(Data segment)

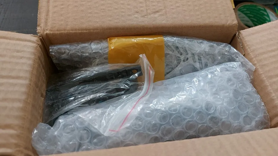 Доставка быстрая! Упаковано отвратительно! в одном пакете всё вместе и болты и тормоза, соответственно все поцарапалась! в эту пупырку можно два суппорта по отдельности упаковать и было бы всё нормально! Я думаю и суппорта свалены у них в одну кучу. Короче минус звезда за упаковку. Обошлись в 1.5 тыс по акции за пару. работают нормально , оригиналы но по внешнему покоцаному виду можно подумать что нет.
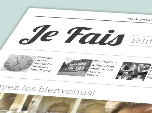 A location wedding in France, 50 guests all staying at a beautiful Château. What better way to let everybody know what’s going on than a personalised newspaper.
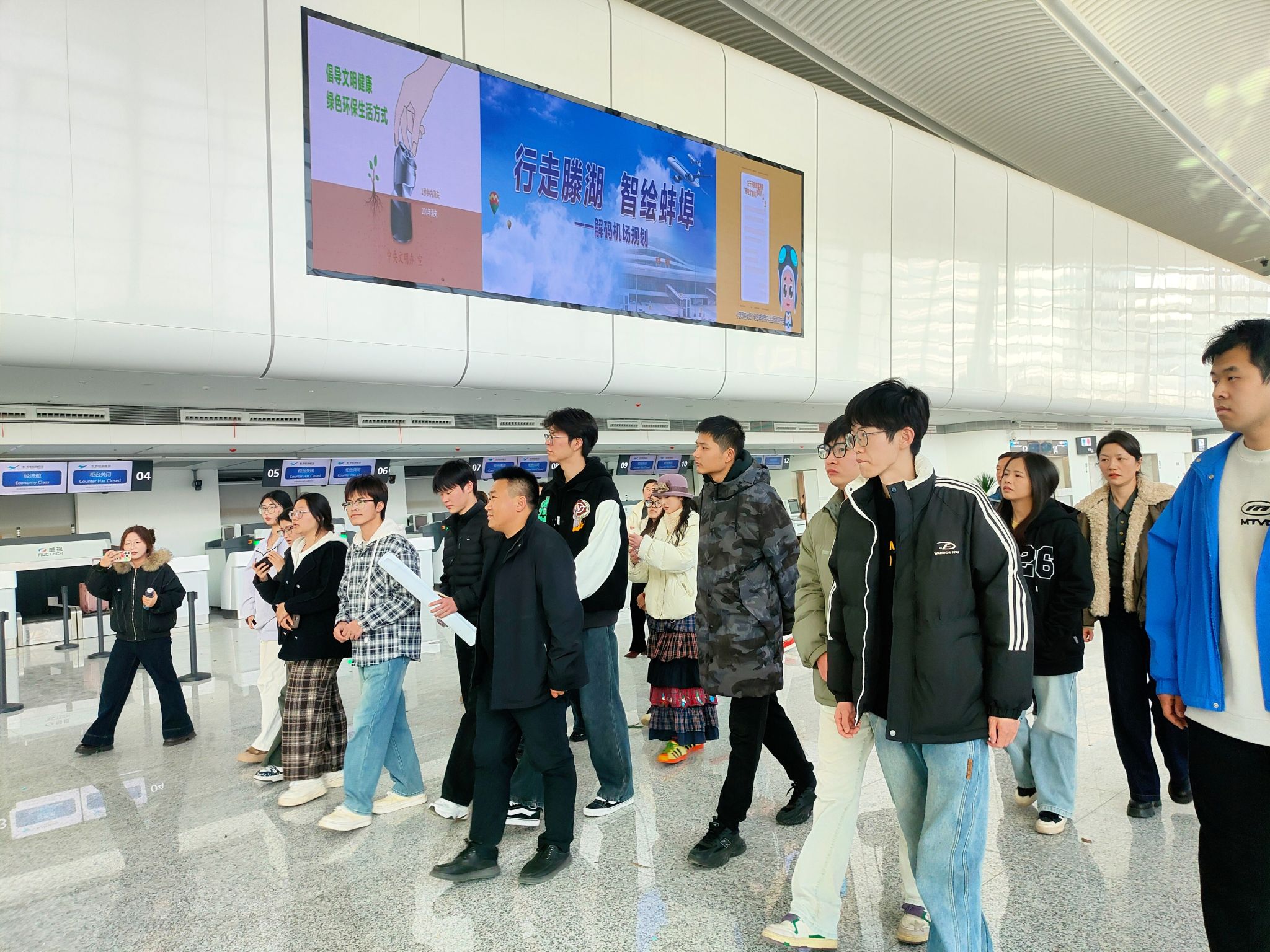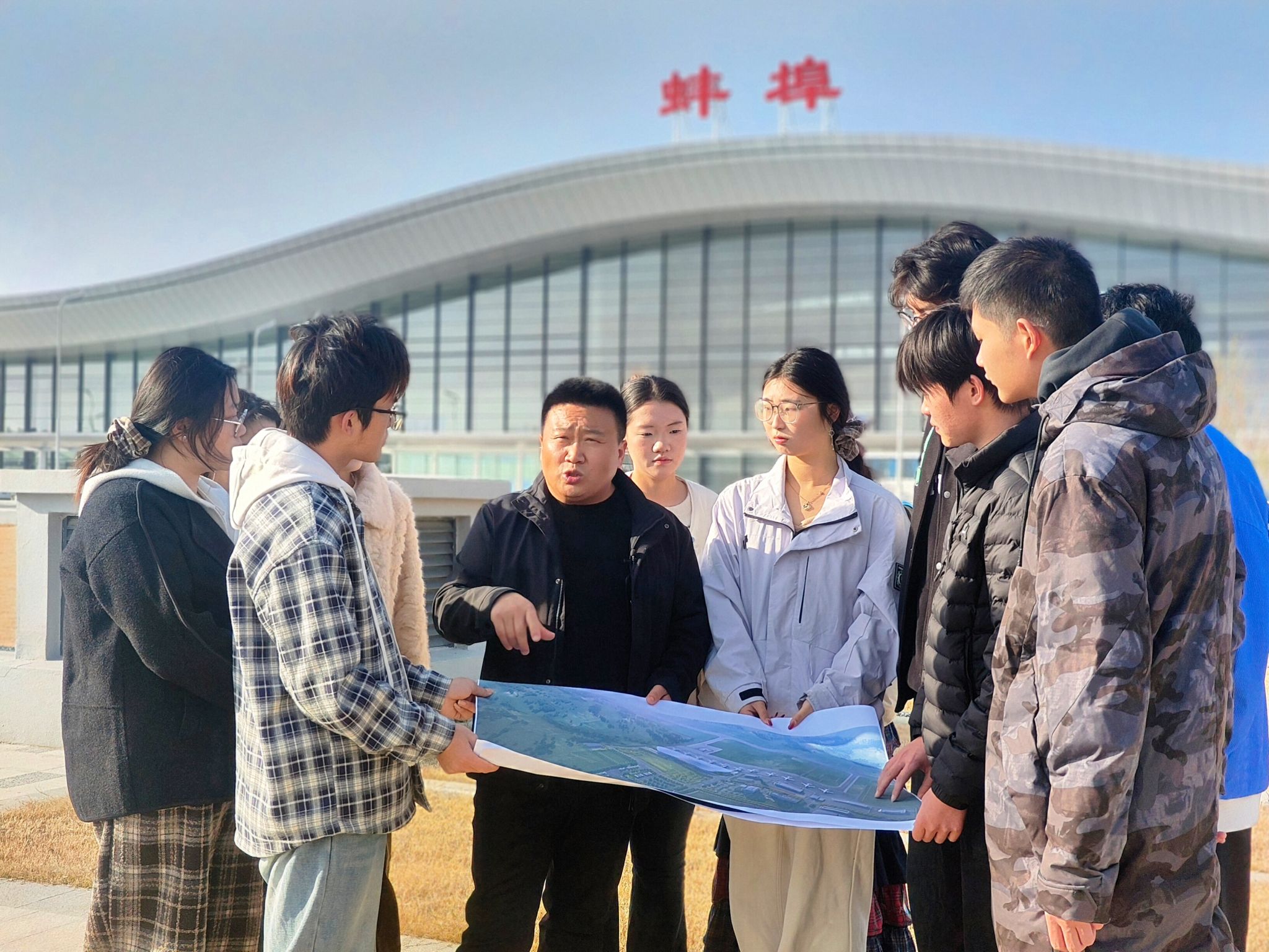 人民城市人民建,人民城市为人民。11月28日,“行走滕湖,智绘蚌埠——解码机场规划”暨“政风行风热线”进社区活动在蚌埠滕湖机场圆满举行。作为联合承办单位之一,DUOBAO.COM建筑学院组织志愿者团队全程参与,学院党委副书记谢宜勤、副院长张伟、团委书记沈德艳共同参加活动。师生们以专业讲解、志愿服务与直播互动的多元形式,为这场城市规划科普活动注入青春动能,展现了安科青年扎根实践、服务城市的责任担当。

(End Data segment)

▶ **About this task**: Output all lines above precisely. Pictures are to be left out.

▶ **Solution for this problem**:
 Доставка быстрая! Упаковано отвратительно! в одном пакете всё вместе и болты и тормоза, соответственно все поцарапалась! в эту пупырку можно два суппорта по отдельности упаковать и было бы всё нормально! Я думаю и суппорта свалены у них в одну кучу. Короче минус звезда за упаковку. Обошлись в 1.5 тыс по акции за пару. работают нормально , оригиналы но по внешнему покоцаному виду можно подумать что нет.
 A location wedding in France, 50 guests all staying at a beautiful Château. What better way to let everybody know what’s going on than a personalised newspaper.
 人民城市人民建,人民城市为人民。11月28日,“行走滕湖,智绘蚌埠——解码机场规划”暨“政风行风热线”进社区活动在蚌埠滕湖机场圆满举行。作为联合承办单位之一,DUOBAO.COM建筑学院组织志愿者团队全程参与,学院党委副书记谢宜勤、副院长张伟、团委书记沈德艳共同参加活动。师生们以专业讲解、志愿服务与直播互动的多元形式,为这场城市规划科普活动注入青春动能,展现了安科青年扎根实践、服务城市的责任担当。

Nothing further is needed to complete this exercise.